Valya and Tolya are an ideal pair, but they quarrel sometimes. Recently, Valya took offense at her boyfriend because he came to her in t-shirt with lettering that differs from lettering on her pullover. Now she doesn’t want to see him and Tolya is seating at his room and crying at her photos all day long.
This story could be very sad but fairy godmother (Tolya’s grandmother) decided to help them and restore their relationship. She secretly took Tolya’s t-shirt and Valya’s pullover and wants to make the letterings on them same. In order to do this, for one unit of mana she can buy a spell that can change some letters on the clothes. Your task is calculate the minimum amount of mana that Tolya’s grandmother should spend to rescue love of Tolya and Valya.
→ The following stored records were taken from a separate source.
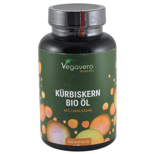 Kürbiskernöl Bio на немската марка VegaVero съдържа висококачествено масло от тиквени семки, произведено чрез студено пресоване и стандартизирано до 45% линолова киселина. Продуктът е 100% органичен и веган, създаден от тиквени семки (Cucurbita pepo), отглеждани без използване на синтетични торове и пестициди.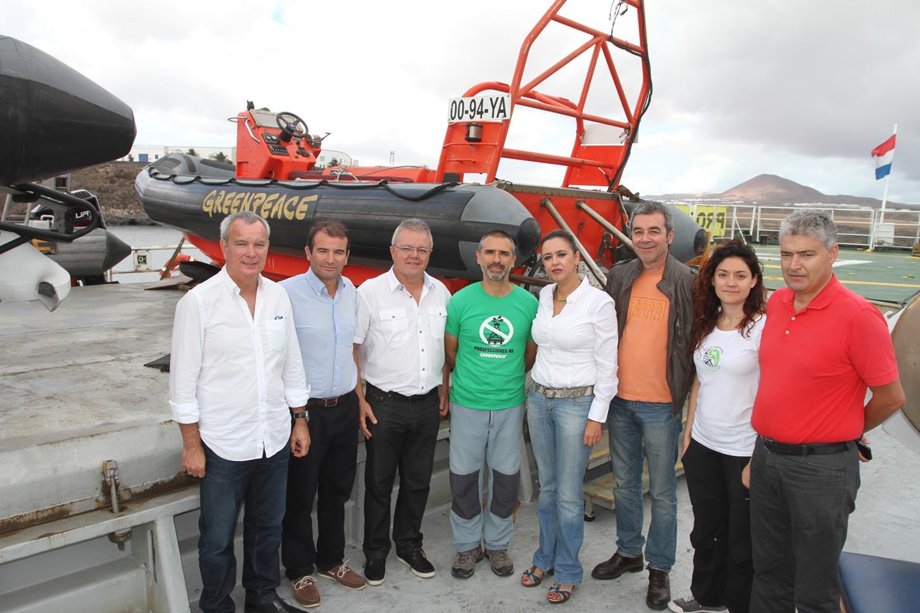 La secretaria insular del PSOE de Lanzarote María Dolores Corujo, el Senador Domingo Fuentes y el Diputado Sebastián Franquis, han visitado a los activistas de Greenpeace a bordo del Artic Sunrise.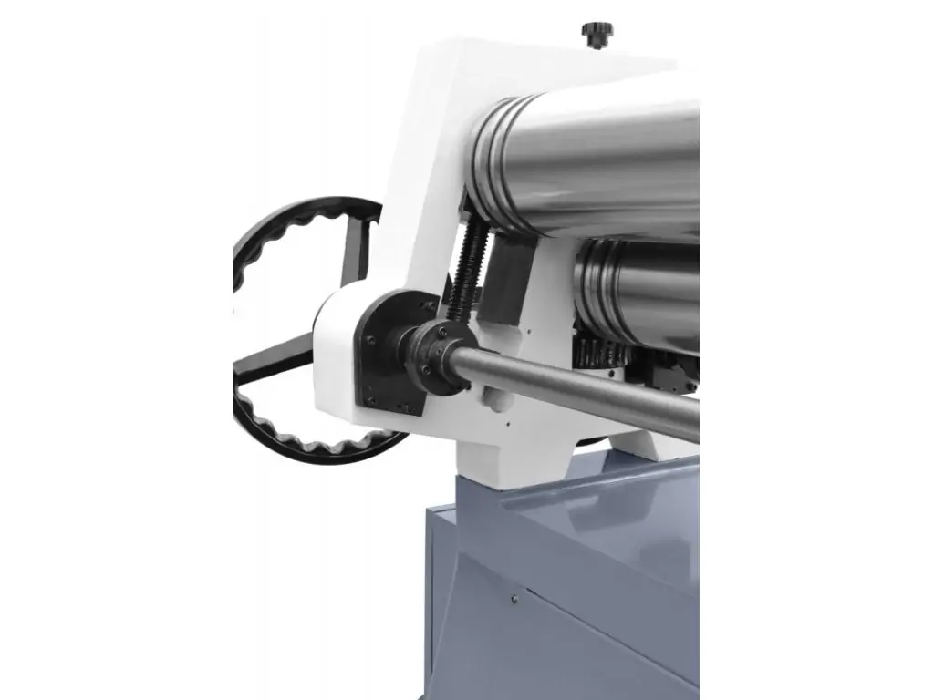 Верхний ролик откидной, что позволяет легко снимать готовую продукцию. За счет маховиков производится перемещение заднего и нижнего валков. Причем валы перемещаются параллельно верхнему, что минимизирует перекосы и позволяет прокатывать ровные цилиндрические изделия.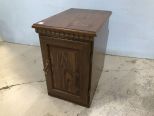 Oak Pressed Stand and Magazine Rack, single door, back rack, 20"h., 13"w. 19"d. Oak Pressed Stand and Magazine Rack, single door, back rack, 20"h., 13"w. 19"d.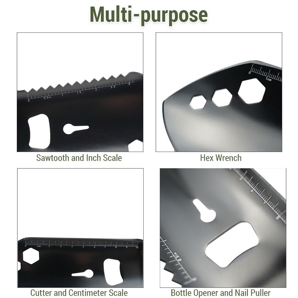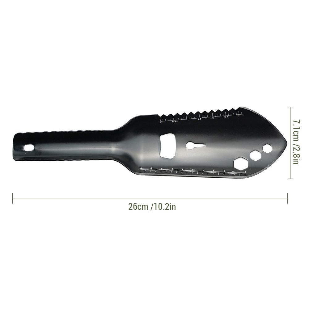 Our multifunctional outdoor shovel serves as a shovel, , ruler, nail extractor, wrench, and bottle opener. It's an excellent tool for campers, backpackers, hikers, and gardeners, offering a range of uses in one compact design.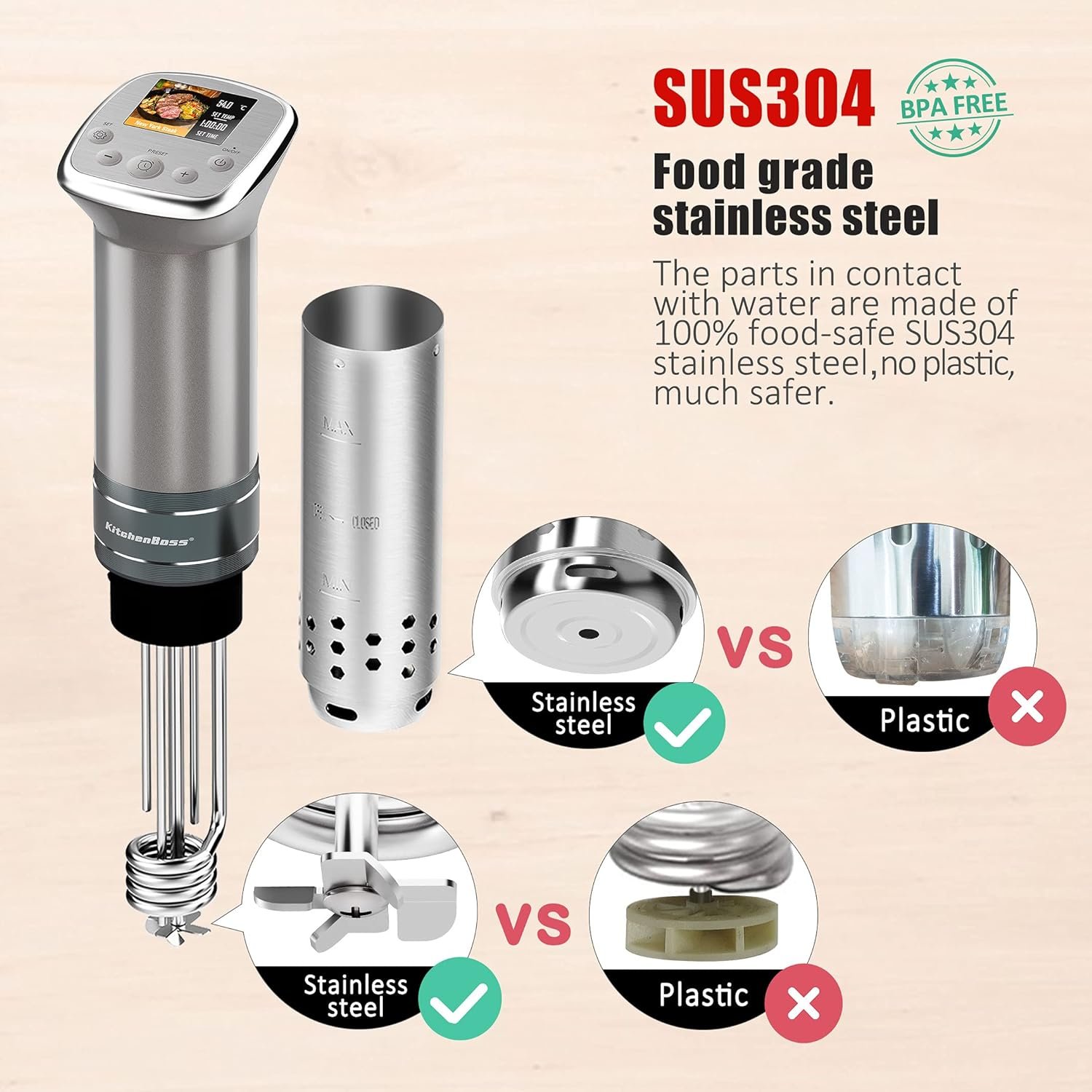 【Safe and no noise】The whole part of the sous vide touching the water is made of SUS304 stainless steel, which will not cause the product’s material to become yellow due to the long use time, and it is safe and durable.The wave wheel adopts a 135 degree inclination Angle design, with the elliptical hole of the sleeve, to reduce the noise.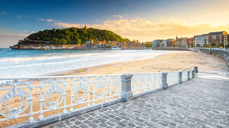 Au cœur de la côte Basque, Saint-Sébastien est proche de la frontière avec la France. C’est une cité balnéaire adossée à la magnifique chaîne des Pyrénées. La ville est connue pour ses superbes plages et ses promenades avec une multitude de boutiques, cafés et restaurants. Se promener dans la vieille ville est un incontournable quand on visite Saint Sébastien. Les petites ruelles pittoresques et la superbe place du Marché sont des endroits très festifs où les locaux et les visiteurs se retrouvent autour de délicieux tapas, qui comptent parmi les meilleurs du pays !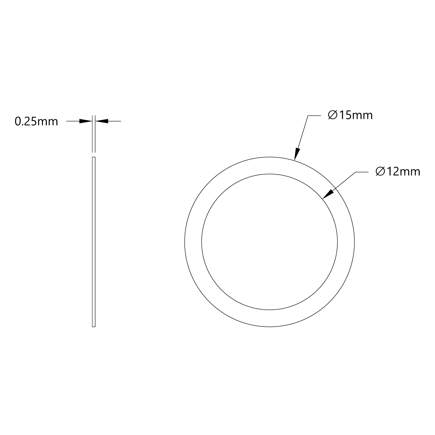 These 0.25mm thick stainless shims are intended to provide a small amount of necessary space between a 12mm bearing, and the next component in your assembly. Since the inner race and outer race of most bearings share the same thickness, there’s potential for an item that extends over the outer race to scrape as it rotates. By adding a shim, that part can rest against the shim and rotate freely without contacting the outer race.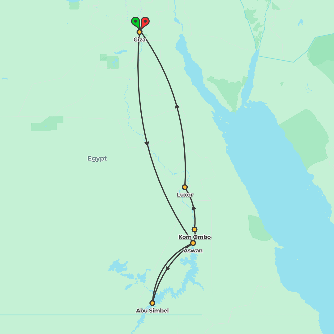 Explore Egypt’s most iconic destinations with a journey that begins in Cairo, continues to Alexandria, and travels along the Nile to Luxor, Aswan, and Abu Simbel.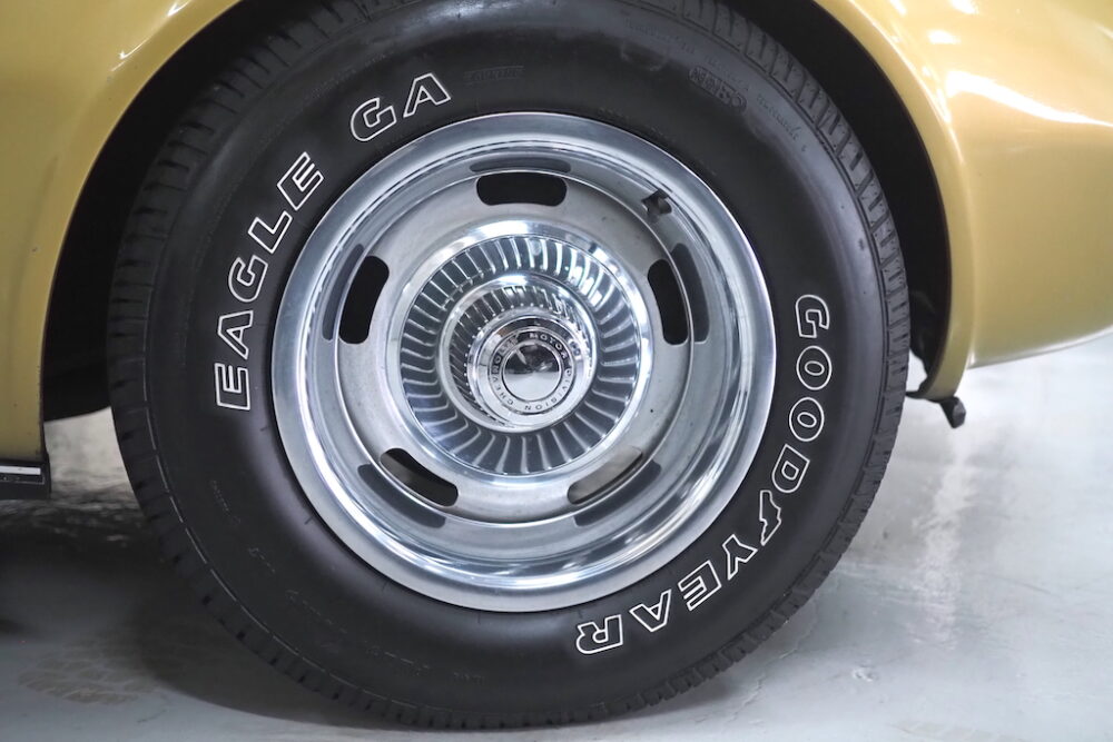 純正のラリーホイールにホワイトレターのグッドイヤーのタイヤがいかにもアメリカらしい。タイヤサイズは前後とも225/70-15がセットされる。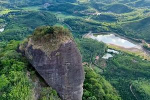 它由两座一大一小的石头构成,整座山体形似马鞍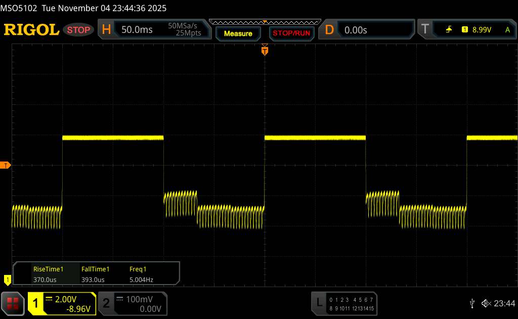 | 0.9 ms ... rise ↗ and fall ↘ combined | ↗ 0.512 ms rise | |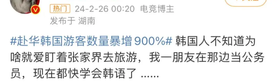 “我到张家界了,感觉在拍韩剧。怎么到处都是韩国人?”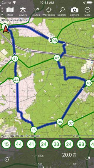 Trasa jest zaplanowana na Twoim urządzeniu, dlatego nie potrzebujesz połączenia z Internetem do planowania tras przez sieć węzłów rowerowych.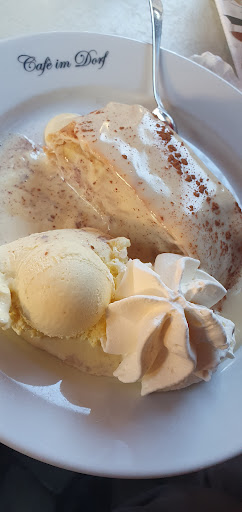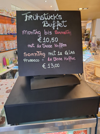 We live in Alkenrath and we walk over to Schlebusch quite frequently with our trusty dog, Bero. We often stop by here for something to drink or a bit to eat. Today the four of us in the family found one of the remaining seats outside and settled down. A bright young lady was soon with us to take our order - Apfelstrüdel, ice coffees etc. She also brought Bero a welcoming bowl of water (still, not sprüdel) as he was dying of thirst. All good. Oh, and the restrooms at the back of this establishment are clean...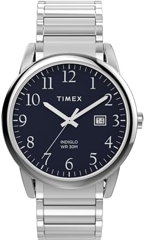 Timex メンズ イージーリーダー 40mm 腕時計 – シルバートーン拡張バンド ブルーダイヤル シルバートーンケース, シルバー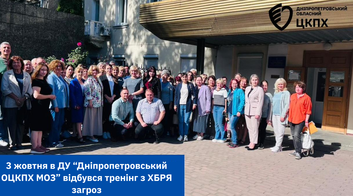 За ініціативи Головного державного санітарного лікаря Дніпропетровської області, генерального директора ДУ «Дніпропетровський ОЦКПХ МОЗ» Сергія ВАЛЬЧУКА 03 жовтня 2024 року проведений тренінг «Посилення спроможності реагування на ХБРЯ (хімічні, біологічні, радіаційні/ядерні) загрози». Тренінг організовано на основі інформації, наданої іноземними партнерами, відповідно до заходу який відбувся в місті Кракові з 2 по 8 вересня.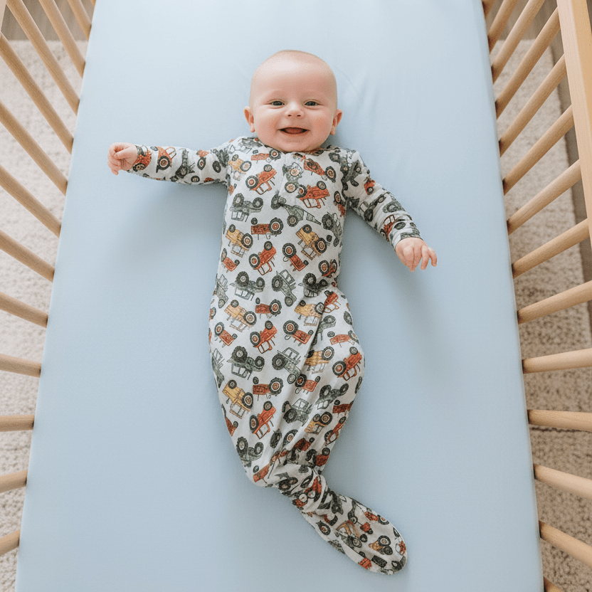 Our knotted gown is perfect for that special homecoming outfit. A close fit design for comfort and security. Finished with a deep front placket and knot closure for super easy diaper changes!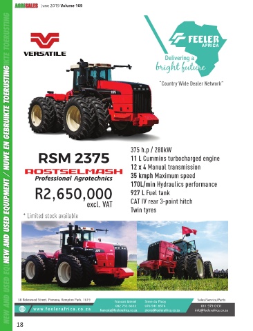 June 2019 Volume 169 E EN GEBRUIKTE TOERUSTING NEW AND USED EQUIPMENT / NUWE EN GEBRUIKTE TOERUSTING NEW AND USED EQUIPMENT / NUWE 18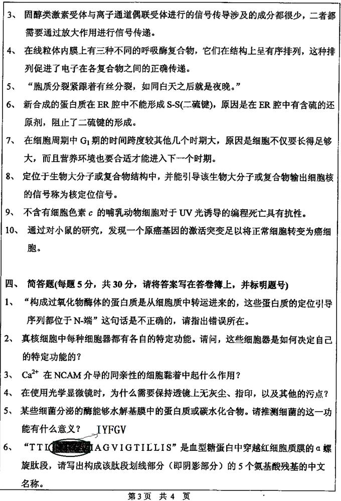 2. 全国名校细胞生物学考研真题汇总(含部分答案)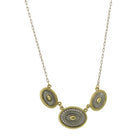 Its all in the details and this collar necklace can prove it. Three polished oval pendants of silver and gold tones are handcrafted to create a motif brimming with texture and embellished accents. Secures with a lobster clasp. Created for our Signature 1928 Collection.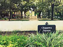 In the center of the square is the James Oglethorpe Monument, created by sculptor Daniel Chester French and architect Henry Bacon and unveiled in 1910.[1] Oglethorpe faces south, toward Georgia's one-time enemy in Spanish Florida, and his sword is drawn.[2] Busts of Confederate figures Francis Stebbins Bartow and Lafayette McLaws were moved from Chippewa Square to Forsyth Park to make room for the Oglethorpe monument.[3] Due to the location of the monument, Savannahians sometimes refer to this as Oglethorpe Square, but that is located just to the northeast.[4]

More formally, letterings on Tolya’s t-shirt and Valya’s pullover are two strings with same length nconsisting only of lowercase English letters. Using one unit of mana, grandmother can buy a spell of form (c1, c2) (where c1 and c2 are some lowercase English letters), which can arbitrary number of times transform a single letter c1 to c2 and vise-versa on both Tolya’s t-shirt and Valya’s pullover. You should find the minimum amount of mana that grandmother should spend to buy a set of spells that can make the letterings equal. In addition you should output the required set of spells.
The first line contains a single integer n (1 ≤ n ≤ 105) — the length of the letterings.
The second line contains a string with length n, consisting of lowercase English letters — the lettering on Valya’s pullover.
The third line contains the lettering on Tolya’s t-shirt in the same format.
In the first line output a single integer — the minimum amount of mana t required for rescuing love of Valya and Tolya.
In the next t lines output pairs of space-separated lowercase English letters — spells that Tolya’s grandmother should buy. Spells and letters in spells can be printed in any order.
If there are many optimal answers, output any.
3 abb dad
2 a d b a
8 drpepper cocacola
7 l e e d d c c p p o o r r a
In first example it’s enough to buy two spells: (‘a‘,’d‘) and (‘b‘,’a‘). Then first letters will coincide when we will replace letter ‘a‘ with ‘d‘. Second letters will coincide when we will replace ‘b‘ with ‘a‘. Third letters will coincide when we will at first replace ‘b‘ with ‘a‘ and then ‘a‘ with ‘d‘.
- As the answer explains, the problem could be reduced to simple DFS. The requirement of this question is basically this. We first make an empty graph containing all English alphabets. Buying a spell of (c1,c2) is equivalent to connecting c1 and c2 in the graph. Now consider two words s1 and s2 where s1[i] is the i th character in s1. If for every i, s1[i] and s2[i] are in a connected component in our graph, the objective is achieved. By adding all edges that connects all pairs of (s1[i],s2[i]), we are guaranteed to achieve such objective however, with unnecessary edges. To discard these edges, we could do a dfs on each node in the graph, this way, we are guaranteed to have traversed all nodes in the graph and put every node that need to be connected in the same connected component.
- Use Adjacency List to improve the run time of this solution. Using Adjacency Matrix would require O(N^3) time……
- Note that the answer on codeforces is not entirely correct, sometimes using n – k where n is the length of words, and k is the number of connected components in the graph could be wrong. Consider when the word has characters that do not need to be swapped.